# Not excited when training??



## tjheldt (Jan 26, 2014)

I have a 4 1/2 month old girl and I want to get her into Schutzhund but am having a hard time getting her excited about the training. She will eventually do things but very slowly and won't even wag her tail. We have used all sorts of treats, soft and hard, wondering how to get her more into it?


----------



## onyx'girl (May 18, 2007)

have you used a flirtpole/tug with her? I know she's teething now, but you can still let her chase a rag on a string or tease her up with a ball. Does she have prey drive?


----------



## tjheldt (Jan 26, 2014)

That's the other thing is that she isn't much into chasing things. We try to get her all excited with a ball or toy then throw it and she just sits down and looks at it.
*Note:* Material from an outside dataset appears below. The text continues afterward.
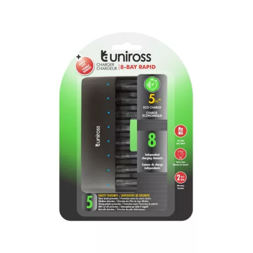UNIROSS Prozessor-Schnellladegerät mit 8 Schächten für AA/AAA, inklusive Schutzfunktion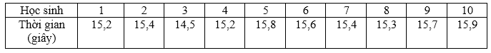 Trong một buổi tập chạy chuẩn bị cho Hội khỏe Phù Đổng, thành tích chạy 100m của đội điền kinh nam Khối 7 được huấn luyện viên ghi lại trong bảng sau:

We have tried praising her when she does get it and running after it with her but she just does not seem excited about it.


----------



## onyx'girl (May 18, 2007)

have someone hold her back(on a harness if possible) while you tease her up and frustrate her. When she makes a noise or moves forward, reward her and gently tug with her. What lines is she from?


----------



## tjheldt (Jan 26, 2014)

She is from West European Bloodlines, she is definitely a whiner and when you hold her back from anything cries. lol


----------



## mycobraracr (Dec 4, 2011)

Generally speaking, to get a puppy more excited YOU have to be more excited. Up your energy level and pace when training and the puppy should follow suit.


Edit: I would look for a club to help guide you in the right direction with play and obedience.


----------



## boomer11 (Jun 9, 2013)

the reason she isnt excited could be genetic or it could be you. its hard to say over an internet forum. 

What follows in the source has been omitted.